Downloading data from https://s3.amazonaws.com/text-datasets/nietzsche.txt
corpus length: 600893
total chars: 57


In [3]:
# Cut the text in semi-redundant sequences of maxlen characters
## Cut the text into a series of windows. 
## Each window is 40 characters
## The window moves 3 steps forward each step

maxlen = 40
step = 5
sentences = []
next_chars = []
for i in range(0, len(text) - maxlen, step):
    sentences.append(text[i: i + maxlen])
    next_chars.append(text[i + maxlen])
print('nb sequences:', len(sentences))

# Turn these sentances into one-hot encoded vectors
## For all words in the sentances, there is a one, else there is a zero in that index of the vector

print('Vectorization...')
x = np.zeros((len(sentences), maxlen, len(chars)), dtype=np.bool)
y = np.zeros((len(sentences), len(chars)), dtype=np.bool)
for i, sentence in enumerate(sentences):
    for t, char in enumerate(sentence):
        x[i, t, char_indices[char]] = 1
    y[i, char_indices[next_chars[i]]] = 1
print('Done!')

nb sequences: 120171
Vectorization...


Deprecated in NumPy 1.20; for more details and guidance: https://numpy.org/devdocs/release/1.20.0-notes.html#deprecations
  x = np.zeros((len(sentences), maxlen, len(chars)), dtype=np.bool)
Deprecated in NumPy 1.20; for more details and guidance: https://numpy.org/devdocs/release/1.20.0-notes.html#deprecations
  y = np.zeros((len(sentences), len(chars)), dtype=np.bool)


Done!


Now we have data to feed a model for text generation. Next  we build a LSTM model to fit the data. Using Keras this is only few lines of code!

In [4]:
# build the model: a single LSTM
print('Build model...')
model = Sequential()
model.add(LSTM(128, input_shape=(maxlen, len(chars))))
model.add(Dense(len(chars)))
model.add(Activation('softmax'))

optimizer = RMSprop(learning_rate=0.01)
model.compile(loss='categorical_crossentropy', optimizer=optimizer)
print('Done!')

Build model...
Done!


In [5]:
def sample(preds, temperature=1.0):
    # helper function to sample an index from a probability array
    preds = np.asarray(preds).astype('float64')
    preds = np.ma.log(preds)
    preds = preds.filled(0)
    preds = preds / temperature
    exp_preds = np.exp(preds)
    preds = exp_preds / np.sum(exp_preds)
    probas = np.random.multinomial(1, preds, 1)
    return np.argmax(probas)


def on_epoch_end(epoch, logs):
    # clear_output()
    # Function invoked at end of each epoch. Prints generated text.
    print()
    print('----- Generating text after Epoch: %d' % (epoch+1))
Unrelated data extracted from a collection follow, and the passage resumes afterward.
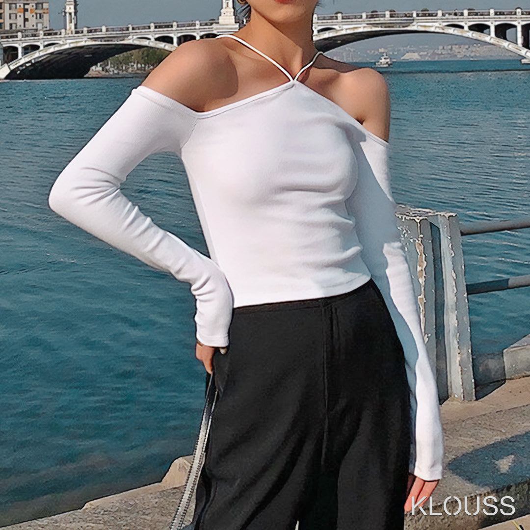 Lindo sweater para mujer delgado con tiritas y hombros descubiertos. De manga larga muy taquillero. ¡Te vas a ver regia!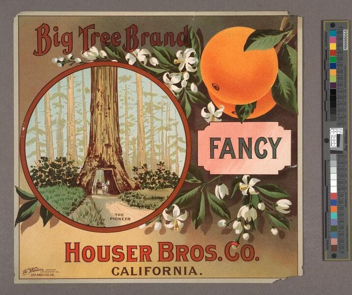 The Citrus label collection contains more than 1,500 lithographed labels related to the California citrus industry in the United States from 1880 to 1960, with the bulk of the collection dating from 1890 to 1940. The vast majority of the collection consists of lithographed labels produced for Californian growers, packers, and distributors to identify brand names and packing locations on wooden shipping crates of oranges, lemons and grapefruits. Many of the labels were printed by Los Angeles and San Francisco lithographers. The collection includes a range of lithography techniques from crayon drawing and hand stippling to the use of Ben Day screen patterns and half-tone lithography. The collection also includes more than 100 examples with "bronzing," a printing technique where varnish is printed on the label, followed by a dusting of fine bronze powder. A significant number of labels are stamped on verso with a received date by the Fruit Growers Supply Company, and some include signatures of approval or notations about printing corrections. The collection provides a broad view of the development of citrus fruit advertising over time, and also touches upon topics of commerce, manufacturing, travel and tourism, and promotion of the western United States. In the earliest examples, themes include naturalistic designs of flowers, animals, women, historical subjects, and scenic landscapes. Brand names, simple designs, block letters, and geometric patterns dominate in later examples. Many of the labels depict orange groves, scenic views, or flowers, though the collection also includes a wide variety of imagery beyond these themes including Native Americans, transportation, children, and portraits of famous or fictional people.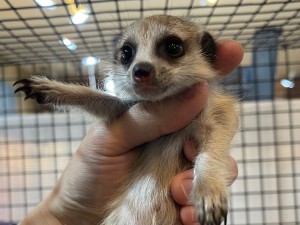 性格がとてもいい子なミーアキャットの男の子の赤ちゃんです!お店に来てから5日、ご飯もばくばく食べてくれているので、赤ちゃんではありますが初めての方…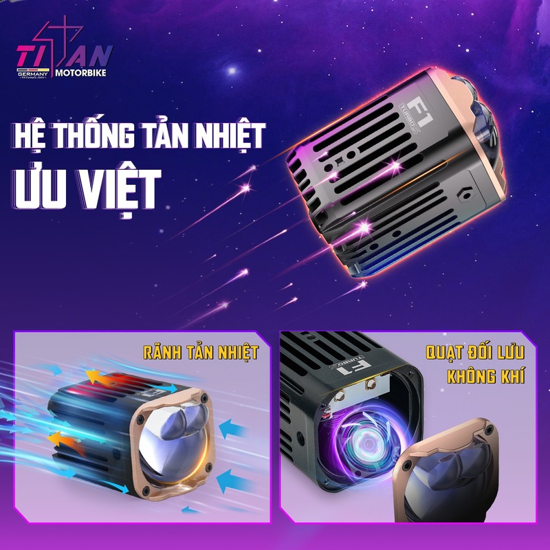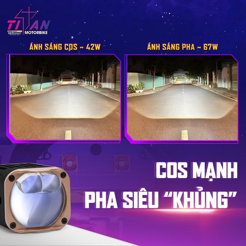 Titan Moto F1 Turbo S sở hữu cấu hình chiếu sáng ấn tượng với cấu hình 6 (BIG) + 1 + 1 chip LED Osram, mang lại hiệu suất ánh sáng mạnh mẽ trong phân khúc đèn trợ sáng bi cầu. Ở chế độ Cos công suất ~42W, đèn tạo chân sáng ngang, cung sáng vuông và tâm sáng đậm, giúp quan sát rõ mặt đường phía trước. Khi chuyển sang Pha với công suất ~67W, luồng sáng được gom chặt, chiếu xa vượt trội và bám đường tốt. Công nghệ trợ pha kép giả lập Laser giúp ánh sáng vừa rộng vừa sâu, mở rộng đáng kể tầm nhìn ban đêm. Nhờ đó, người lái luôn tự tin khi di chuyển trên cao tốc, đường đèo hay những cung đường thiếu sáng.

    start_index = random.randint(0, len(text) - maxlen - 1)
    for diversity in [0.2, 0.4, 0.5, 1.0]:
        print('----- diversity:', diversity)

        generated = ''
        sentence = text[start_index: start_index + maxlen]
        generated += sentence
        print('----- Generating with seed: "' + sentence + '"')
        sys.stdout.write(generated)

        for i in range(400):
            x_pred = np.zeros((1, maxlen, len(chars)))
            for t, char in enumerate(sentence):
                x_pred[0, t, char_indices[char]] = 1.
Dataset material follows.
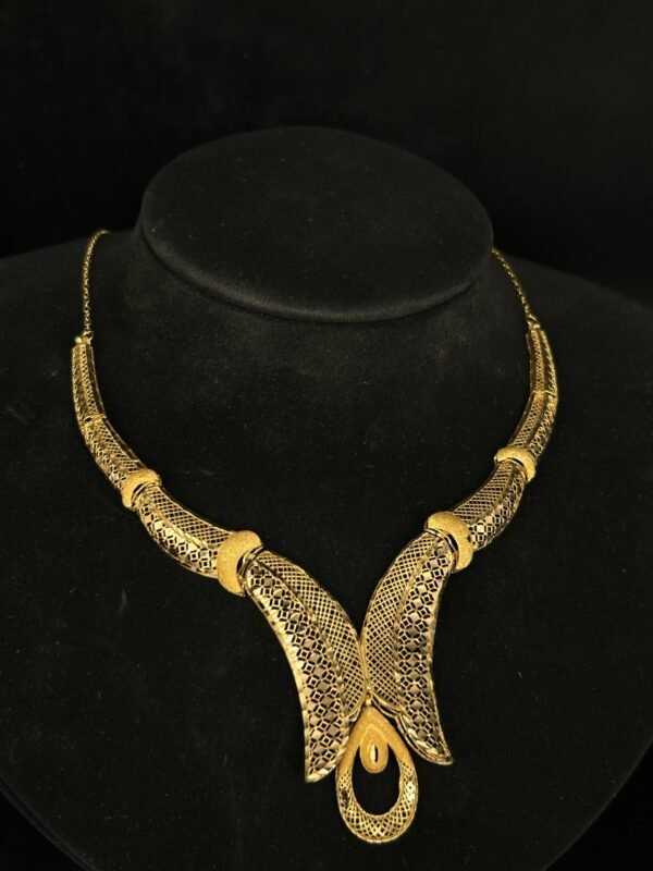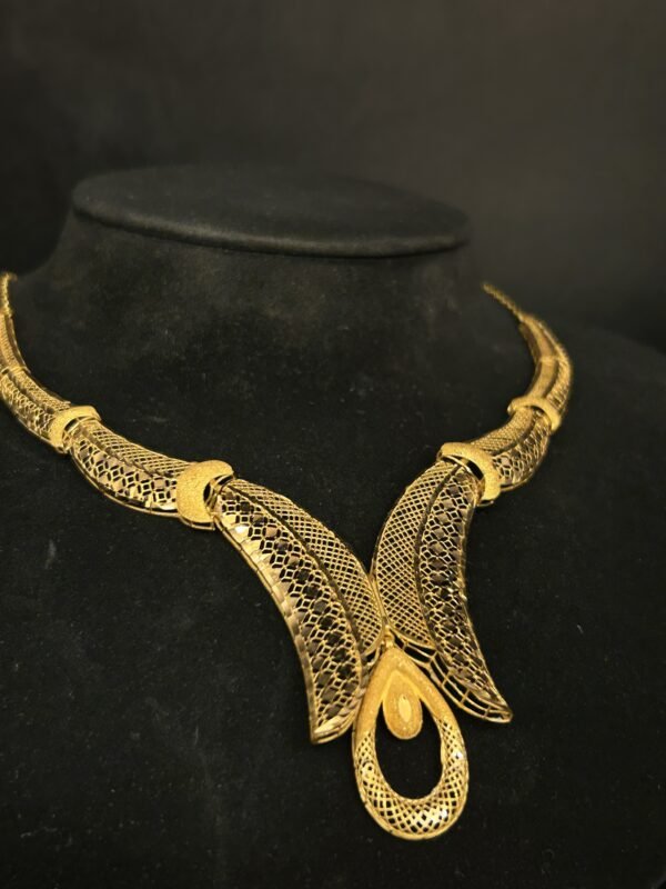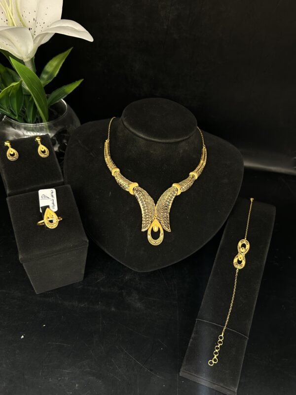 يقدم طقم الذهب عيار 21 أناقة لا تضاهى وتصميماً فريداً يتناسب مع جميع المناسبات. هذا الطقم مصمم بعناية ليبرز جمالك أينما كنت. تألق مع قطعة ذهبية تعكس شخصيتك وتضفي لمسة راقية على إطلالتك اليومية أو في المناسبات الخاصة.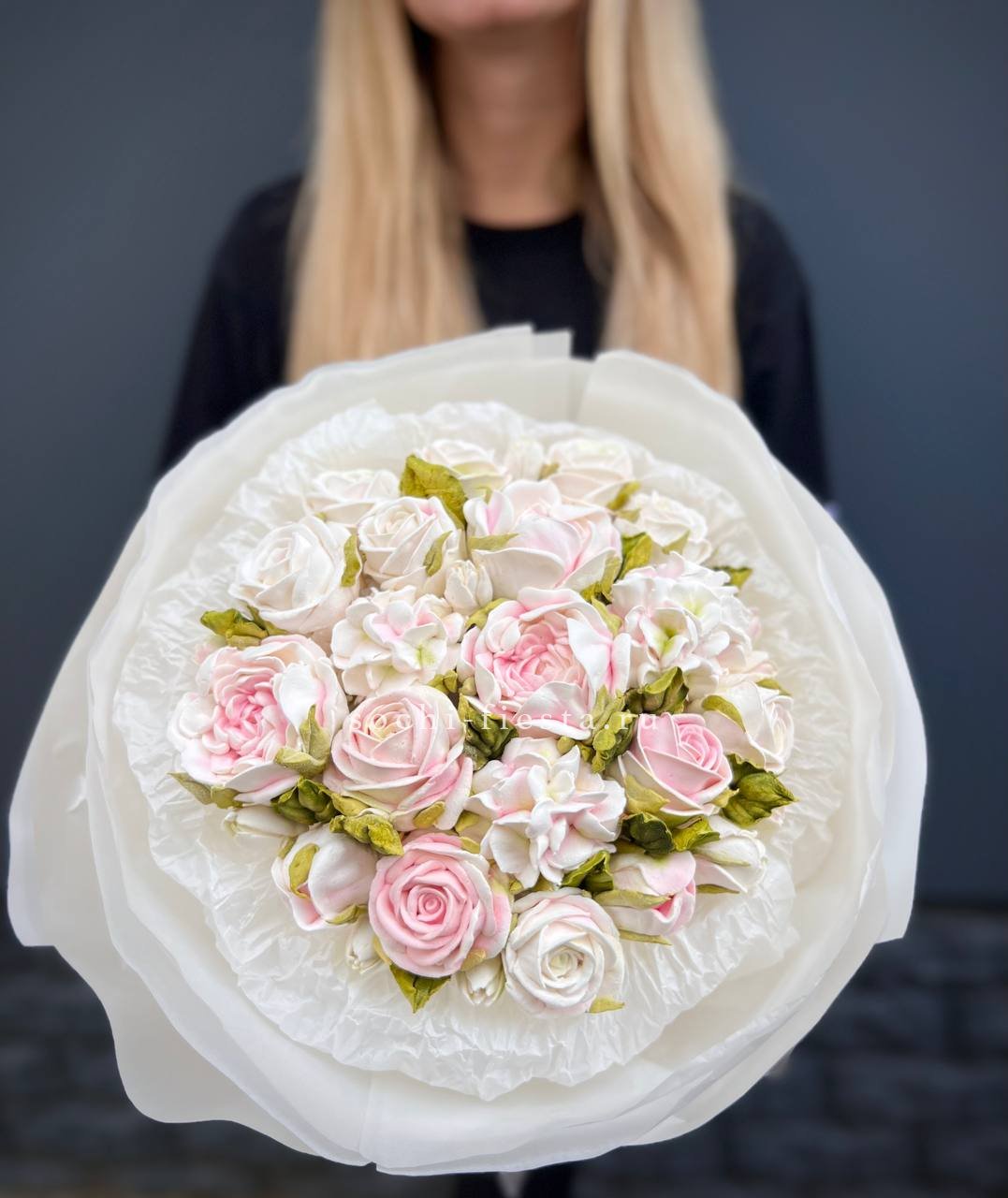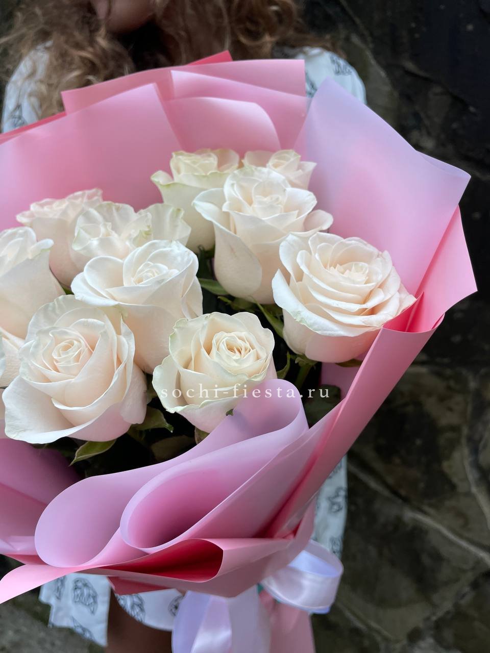 Белоснежные бутоны собраны в лаконичную форму с воздушной текстурой упаковки. Чистота линий и свежесть делают композицию универсальной для любого момента.

            preds = model.predict(x_pred, verbose=0)[0]
            next_index = sample(preds, diversity)
            next_char = indices_char[next_index]
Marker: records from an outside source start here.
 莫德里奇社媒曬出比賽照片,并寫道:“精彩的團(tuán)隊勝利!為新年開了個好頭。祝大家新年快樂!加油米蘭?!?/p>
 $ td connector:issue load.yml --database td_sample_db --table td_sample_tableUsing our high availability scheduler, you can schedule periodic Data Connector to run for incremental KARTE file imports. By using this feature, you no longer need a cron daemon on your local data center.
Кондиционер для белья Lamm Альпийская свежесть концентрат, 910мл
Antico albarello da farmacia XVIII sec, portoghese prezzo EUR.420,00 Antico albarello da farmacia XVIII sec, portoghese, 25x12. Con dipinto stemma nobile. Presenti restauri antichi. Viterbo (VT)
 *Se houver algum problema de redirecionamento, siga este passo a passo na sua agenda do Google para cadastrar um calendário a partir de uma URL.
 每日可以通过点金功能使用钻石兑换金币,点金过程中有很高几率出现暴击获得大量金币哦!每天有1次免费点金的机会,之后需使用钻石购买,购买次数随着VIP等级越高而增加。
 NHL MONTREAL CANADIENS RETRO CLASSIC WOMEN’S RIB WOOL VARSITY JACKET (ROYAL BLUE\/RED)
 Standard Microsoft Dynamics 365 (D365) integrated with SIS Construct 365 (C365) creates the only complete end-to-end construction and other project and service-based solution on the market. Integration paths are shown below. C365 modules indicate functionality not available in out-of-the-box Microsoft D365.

            generated += next_char
            sentence = sentence[1:] + next_char

            sys.stdout.write(next_char)
            sys.stdout.flush()
        print()

# Training
-  Each epoch takes up to 1 minute or so on a CPU (an epoch took 30 seconds for my PC)
-  Recall that training on at least 20 epochs will give intelligible results 
-  So you're gonna have to let this run for a while (if ETA per epoch is bigger than 5 minutes on your machine, you can reduce the number of epochs)

In [6]:
print_callback = LambdaCallback(on_epoch_end=on_epoch_end)

model.fit(x, y,
          batch_size=128,
          epochs=10,
          callbacks=[print_callback])

Epoch 1/10
----- Generating text after Epoch: 1
----- diversity: 0.2
----- Generating with seed: " looks and emaciated bodies are eloquent"
 looks and emaciated bodies are eloquent of the self-some and the self in the self the self the self-self the self the self the self the self
the self the self the self-so the self-some the self-some the cousting the self the self-so the coust the self the self and and the self-so the self the self the self-so the self-sende and the self the self-some the sould the self-so shere the self the self the self the self the self the self the 
----- diversity: 0.4
----- Generating with seed: " looks and emaciated bodies are eloquent"
 looks and emaciated bodies are eloquent and the read and the sentions and self the self the man perhoph of the prole and every will man will the self in the most be all a sentive of ling in the self-some the fore of the coure the manter of the its and self-and the sont the self-some the dost in the simally as in the very man

mythologies, and any longer to be and strong to with allotions.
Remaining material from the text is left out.